Efficacy and safety of 0.1% ciclosporin A cationic emulsion in dry eye disease: a pooled analysis of two double-masked, randomised, vehicle-controlled phase III clinical studies.

BACKGROUND/AIM: To assess the treatment effect of 0.1% ciclosporin A cationic emulsion (CsA CE) versus vehicle on signs/symptoms of dry eye disease (DED) in various subgroups (moderate-to-severe DED/severe DED/Sjögren's syndrome (SS)/SS with severe DED).

METHODS: Pooled data were analysed from two similar phase III studies: SICCANOVE (moderate-to-severe DED) and SANSIKA (severe DED with severe keratitis). In both studies, patients aged ≥18 years received CsA CE 0.1% (n=395) or vehicle (n=339) once daily for 6 months. A composite responder efficacy endpoint (corneal fluorescein staining-Ocular Surface Disease Index (CFS-OSDI) at month 6) was used to evaluate the efficacy of CsA CE in alleviating signs/symptoms of DED (response defined as improvement of ≥2 grades in CFS and ≥30% in OSDI (baseline to month 6)). Human leucocyte antigen-DR (HLA-DR) conjunctival expression was used as a biomarker of ocular surface inflammation.

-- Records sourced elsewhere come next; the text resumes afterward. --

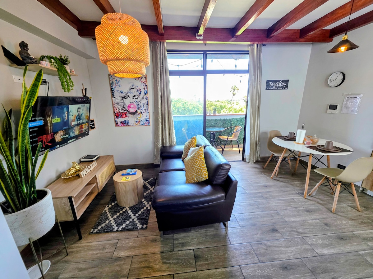Ciesz się, odpoczywaj i pracuj w tej cichej i eleganckiej przestrzeni. Będziesz mieć 2 duże ekrany Smart o przekątnej 50" i 43" Znajduje się w centralnej i bezpiecznej okolicy. Posiada piękny taras i widok na park. Centrum handlowe znajduje się w odległości zaledwie jednego kroku, bulwar, restauracje, siłownia, Starbucks i ambasada Stanów Zjednoczonych w odległości 5 minut. Wi-Fi, telewizory z Netflix, Star+, biurko, kuchnia i sprzęt AGD, bezpieczeństwo i komfort
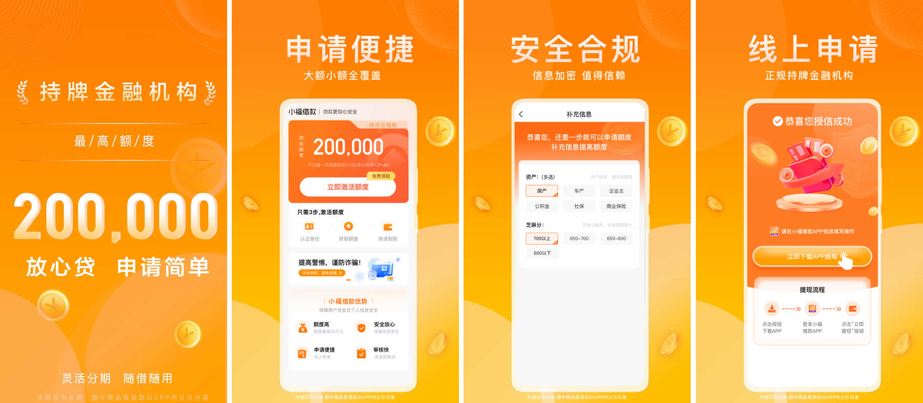 2. 申请:选额度/期限,可选传支付流水
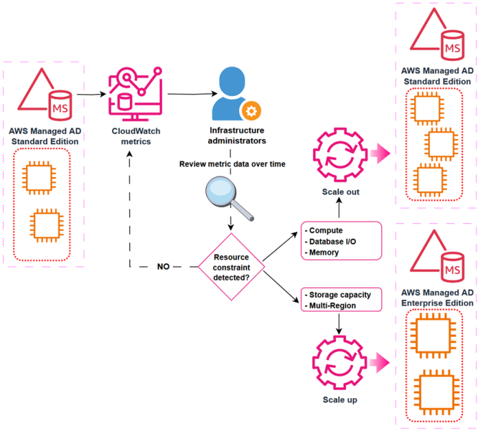 Scale-up—also called upgrading your AWS Managed Microsoft AD—means changing the edition of an AWS Managed Microsoft AD from Standard to Enterprise. Enterprise Edition delivers larger domain controller instances, with higher compute capacity and larger storage for Active Directory objects. When a directory scales up, it retains the same number of domain controller instances that it previously had with larger quotas. Instances are replaced one at a time to minimize disruptions to production workflows.
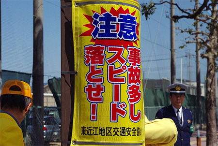 同日、午後より東近江署から八日市東浜交差点までの危険個所に 交通安全横断幕の設置を行いました。当協会役員が警察官同行のもと危険個所を確認しながら設置していきました。
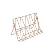 This cookbook holder is a practical and decorative addition for the kitchen countertop. Made from robust iron, it features an effortless geometric accent. This stand in pink powder coating is sturdy enough to hold weightier recipe books, supported by a stand on the back.
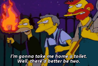 I'm gonna take me home a toilet. Well, there'd better be two. Who is it? Uh, it's an angry mob, ma'am. Could you step outside for a twinkle while we knock down your house? Just a minute.
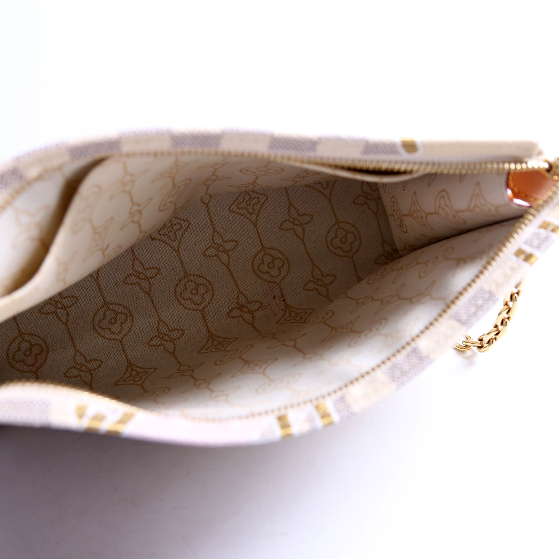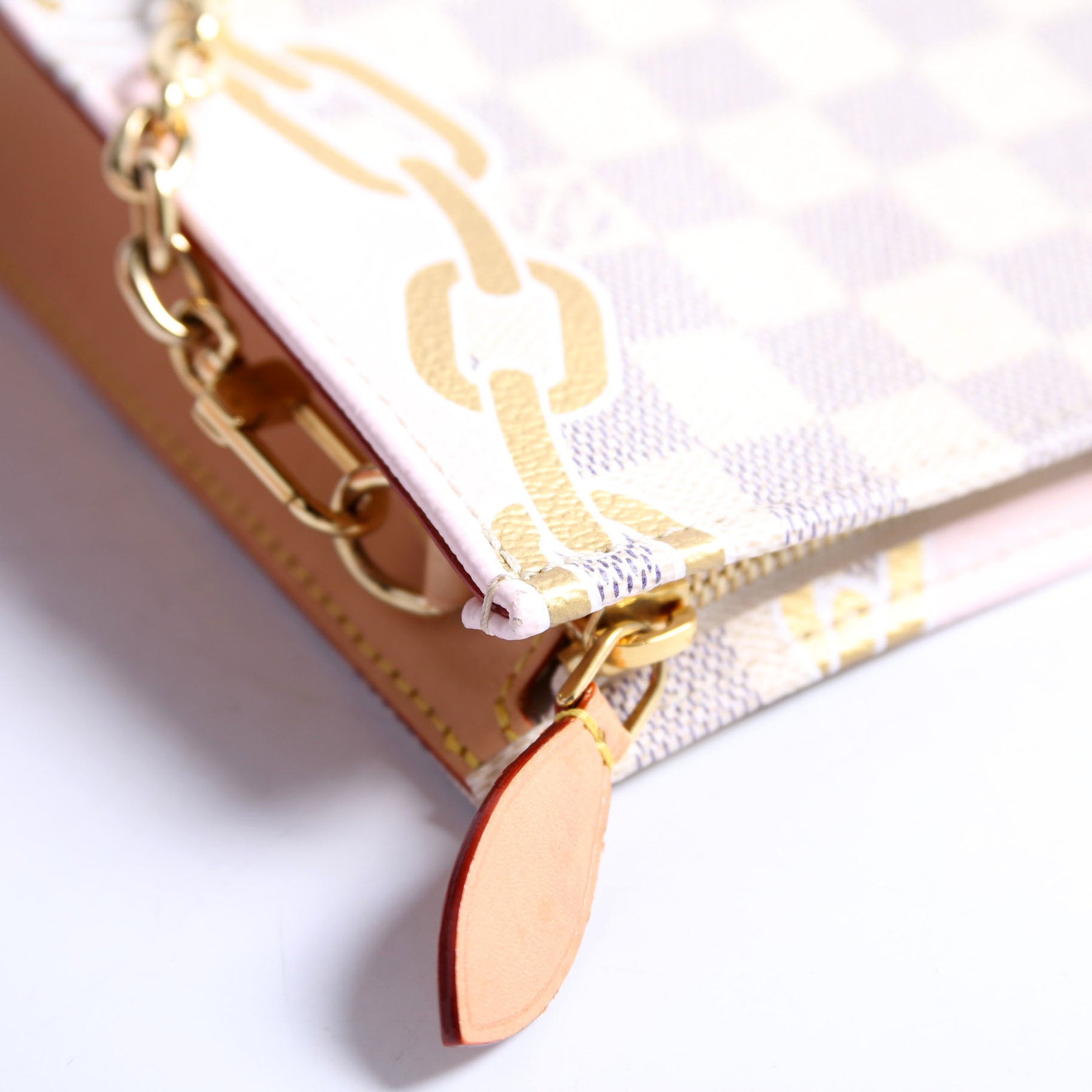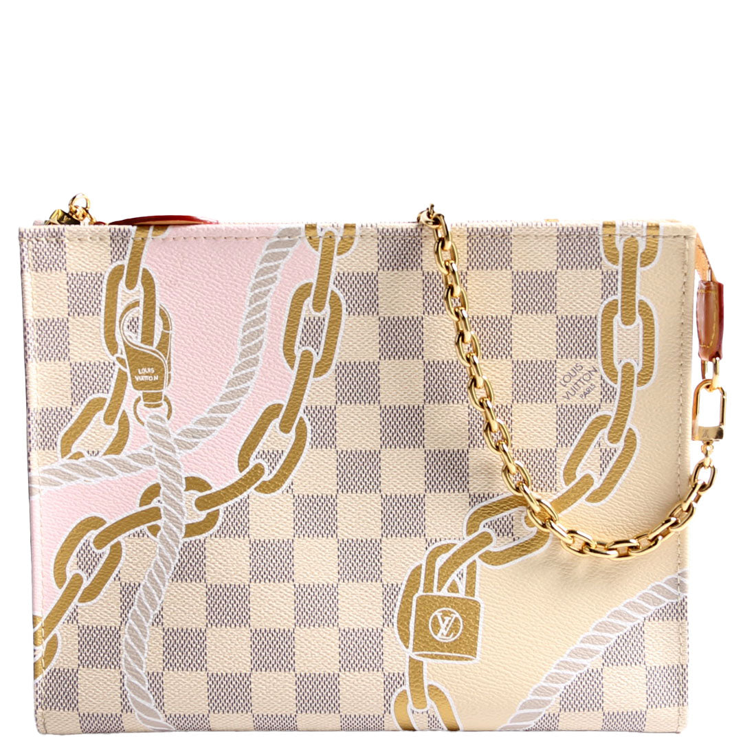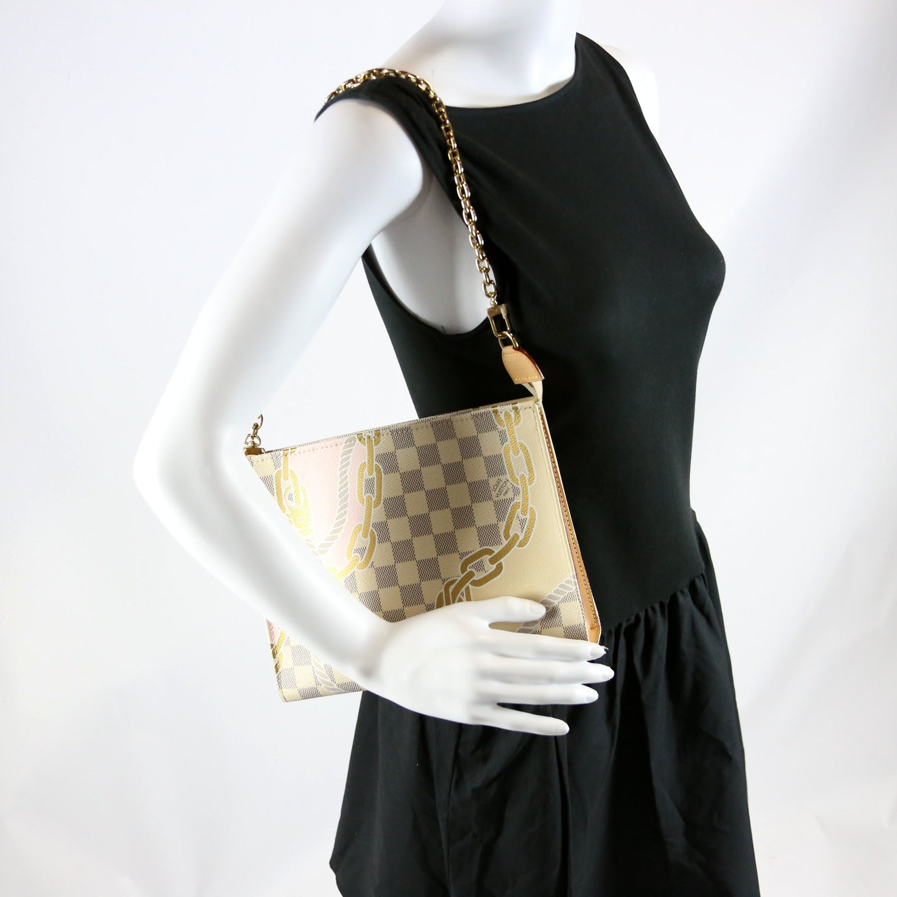 This pre-owned Louis Vuitton Nautical Toiletry Pouch is guaranteed 100% authentic. The exterior is in the classic Louis Vuitton Azur Coated Canvas limited edition Monogram.

RESULTS: CsA CE-treated patients were significantly more likely to be CFS-OSDI responders than vehicle-treated patients in the overall (OR 1.66, 95% CI 1.11 to 2.50; P=0.015), severe DED (1.80, 1.04 to 3.19; P=0.038) and SS with severe DED (3.37, 1.20 to 11.19; P=0.030) populations. The difference was not significant for CsA CE versus vehicle for the overall Sjögren's population (OR 1.77, CI 0.89 to 3.66; P=0.109). CsA CE also significantly reduced median HLA-DR expression versus vehicle at 6 months (P=0.002).

CONCLUSION: Pooled phase III data indicate CsA CE produced significant improvement in signs/symptoms versus vehicle in patients with moderate-to-severe DED (especially in those with severe keratitis), including patients with SS with severe DED.